Avoir une bonne batterie de cuisine est essentiel pour maîtriser la cuisson des aliments. Nous ferions cependant l'erreur de nous fier essentiellement aux prix, négligeant d'autres facteurs comme les matériaux, l'utilisation, l'entretien et l'ergonomie des casseroles et poêlons convoités, ou même la cuisinière sur laquelle ils seront utilisés. La Presse fait le tour de la question.

Il est facile de s'y perdre devant la variété d'ustensiles de cuisson offerte en grande surface. Voici quelques critères à regarder de plus près avant de céder aux promotions du mois.



SES BESOINS


Une personne qui habite seule n'a pas les mêmes exigences qu'une famille de cinq. « Il faut évaluer ses habitudes et ses besoins, conseille François Martel, directeur de l'Académie culinaire. Dans une batterie de cuisine préassemblée, il y a souvent des pièces qu'on finira par utiliser très peu et d'autres dont on aurait besoin en deux ou trois exemplaires. L'idéal est d'acheter à la pièce, ou encore, de se procurer une bonne batterie de cuisine et de compléter à l'unité. »

SON TYPE DE CUISINIÈRE

« C'est le premier facteur à considérer, affirme Michel Couture, de la Clinique de la casserole Del Mar, à Rawdon. La cuisson au gaz a ses particularités : les flammes ont tendance à monter le long des parois du chaudron. Si on veut cuire les aliments uniformément, on a besoin d'un modèle multimétal [aussi appelé intégral ou multiclad] qui répartit la chaleur de manière équivalente sur le fond ET sur les bords. »

Pour les autres types de cuisinières, on mise surtout sur un bon fond capsulé qui conduit adéquatement la chaleur à la base de l'ustensile.

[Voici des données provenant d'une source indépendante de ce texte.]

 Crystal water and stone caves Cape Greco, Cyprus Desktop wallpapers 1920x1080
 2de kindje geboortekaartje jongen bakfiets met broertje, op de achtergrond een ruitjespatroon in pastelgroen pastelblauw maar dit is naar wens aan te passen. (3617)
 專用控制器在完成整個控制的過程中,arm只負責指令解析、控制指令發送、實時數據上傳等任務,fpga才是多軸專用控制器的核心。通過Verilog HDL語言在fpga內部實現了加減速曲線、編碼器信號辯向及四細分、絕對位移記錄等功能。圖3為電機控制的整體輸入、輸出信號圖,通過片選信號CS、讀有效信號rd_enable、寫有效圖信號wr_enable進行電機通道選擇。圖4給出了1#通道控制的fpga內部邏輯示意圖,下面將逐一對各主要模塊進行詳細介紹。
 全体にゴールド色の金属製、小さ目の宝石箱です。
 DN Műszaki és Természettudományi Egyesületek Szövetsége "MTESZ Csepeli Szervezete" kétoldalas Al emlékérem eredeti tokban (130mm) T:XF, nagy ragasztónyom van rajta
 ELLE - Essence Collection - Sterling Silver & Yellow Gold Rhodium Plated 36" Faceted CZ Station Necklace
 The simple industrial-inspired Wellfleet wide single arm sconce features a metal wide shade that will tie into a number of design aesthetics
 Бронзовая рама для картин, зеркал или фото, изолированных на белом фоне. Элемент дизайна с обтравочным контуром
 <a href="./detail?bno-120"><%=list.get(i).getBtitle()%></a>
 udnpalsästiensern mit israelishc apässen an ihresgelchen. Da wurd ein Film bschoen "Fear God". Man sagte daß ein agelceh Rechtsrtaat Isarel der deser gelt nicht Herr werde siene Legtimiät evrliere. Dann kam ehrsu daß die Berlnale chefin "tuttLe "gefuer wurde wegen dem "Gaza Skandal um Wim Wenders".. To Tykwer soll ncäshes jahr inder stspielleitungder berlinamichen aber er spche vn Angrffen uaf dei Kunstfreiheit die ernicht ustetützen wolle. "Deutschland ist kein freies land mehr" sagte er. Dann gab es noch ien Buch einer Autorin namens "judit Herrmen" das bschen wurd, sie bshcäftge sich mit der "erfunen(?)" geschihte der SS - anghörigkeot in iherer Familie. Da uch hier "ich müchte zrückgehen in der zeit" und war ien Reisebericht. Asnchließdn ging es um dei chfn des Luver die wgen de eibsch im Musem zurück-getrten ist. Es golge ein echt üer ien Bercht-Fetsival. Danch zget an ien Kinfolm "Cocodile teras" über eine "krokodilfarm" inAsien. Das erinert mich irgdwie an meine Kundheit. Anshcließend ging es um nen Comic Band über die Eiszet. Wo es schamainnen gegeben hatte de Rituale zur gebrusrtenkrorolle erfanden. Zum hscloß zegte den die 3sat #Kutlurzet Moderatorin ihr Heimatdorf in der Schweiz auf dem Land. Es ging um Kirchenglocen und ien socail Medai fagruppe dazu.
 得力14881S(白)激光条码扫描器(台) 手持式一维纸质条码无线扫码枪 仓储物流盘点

Il doit être muni d'un conducteur magnétique avec une teneur en carbone assez élevée pour qu'un aimant y tienne, dans le cas des cuisinières à induction. Et puisque la surface des modèles en vitrocéramique est fragile, oubliez la fonte, qui risque de l'abîmer.

LA COMPOSITION

Un fond de bonne épaisseur (2/8 à 7/8 de pouce) est essentiel pour bien contenir la chaleur. Sur le marché, 90 % des casseroles sont en acier inoxydable, un matériau robuste qui n'altère pas la saveur des aliments, mais qui ne peut toutefois conduire la chaleur. Pour cette raison, on y encapsule une feuille d'aluminium, de l'aluminium coulé (plus cher) ou un autre métal conducteur entre deux couches d'acier inoxydable, d'où la mention trois plis. Ce principe est appliqué également aux parois dans le cas des modèles multimétal.

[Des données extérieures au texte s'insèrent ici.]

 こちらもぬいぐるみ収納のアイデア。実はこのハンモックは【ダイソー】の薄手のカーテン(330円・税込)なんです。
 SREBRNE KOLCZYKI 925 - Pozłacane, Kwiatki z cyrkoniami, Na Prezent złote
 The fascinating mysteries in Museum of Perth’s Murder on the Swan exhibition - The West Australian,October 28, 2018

Il ne devrait y avoir aucun jeu sous l'ustensile lorsqu'on le dépose sur une surface parfaitement plane, précise Pasquale Vari, professeur de cuisine à l'Institut de tourisme et d'hôtellerie du Québec (ITHQ). Quant aux côtés, ils doivent être assez épais, idéalement droits plutôt qu'incurvés si on cuisine au gaz, puisque la flamme ira flatter autrement les parties proéminentes des parois.

L'ERGONOMIE

Prenez le temps de manipuler les ustensiles en magasin pour évaluer leur solidité, leur confort et le plaisir que vous aurez à les utiliser. « Des ustensiles, c'est comme de bons outils : il faut que ce soit adapté à la tâche à accomplir et que ça serve ! Laissez faire les gadgets. Ça prend du robuste, du fonctionnel et du durable », estime Pasquale Vari. Comparez entre eux les modèles plus chers et plus abordables pour vous donner une idée de la différence.

Le poids est un indice de qualité lorsqu'on compare deux modèles semblables. Mais un instrument lourd n'est pas forcément la meilleure option. « Une casserole en fonte n'est d'aucun intérêt si on n'a pas la force de la soulever. L'instrument doit être adapté à la personne qui l'utilise », précise le professeur de cuisine.

LA FINITION

Les poignées sont normalement en acier inoxydable et vont au four. Très peu d'ustensiles sont encore équipés de bakélite, un plastique noir cuit à haute température qui peut aller au four, mais se dessèche à l'usage. À rivets ou soudés ? Question de goût. Mais puisque celles qui sont utilisées sur des cuisinières au gaz seront soumises à la chaleur des flammes, mieux vaut privilégier les poignées rivetées dans ce cas, selon Michel Couture.

Quant au couvercle, l'important n'est pas qu'il soit lourd, mais qu'il se ferme bien sans laisser d'ouvertures, pour maintenir la chaleur à l'intérieur de la casserole et réussir les cuissons à l'étuvée. Plusieurs entreprises proposent des couvercles en verre : une fantaisie, selon les chefs, qui privilégient ceux en acier pour leur solidité.

L'ENTRETIEN ET LA DURABILITÉ

Certains matériaux, par exemple le cuivre qui est considéré comme l'un des meilleurs conducteurs de chaleur, exigent des soins particuliers. D'autres comme le verre ou le grès sont plus fragiles. Les antiadhésifs sont généralement moins résistants. Sachez ce qui vous attend avant d'acheter.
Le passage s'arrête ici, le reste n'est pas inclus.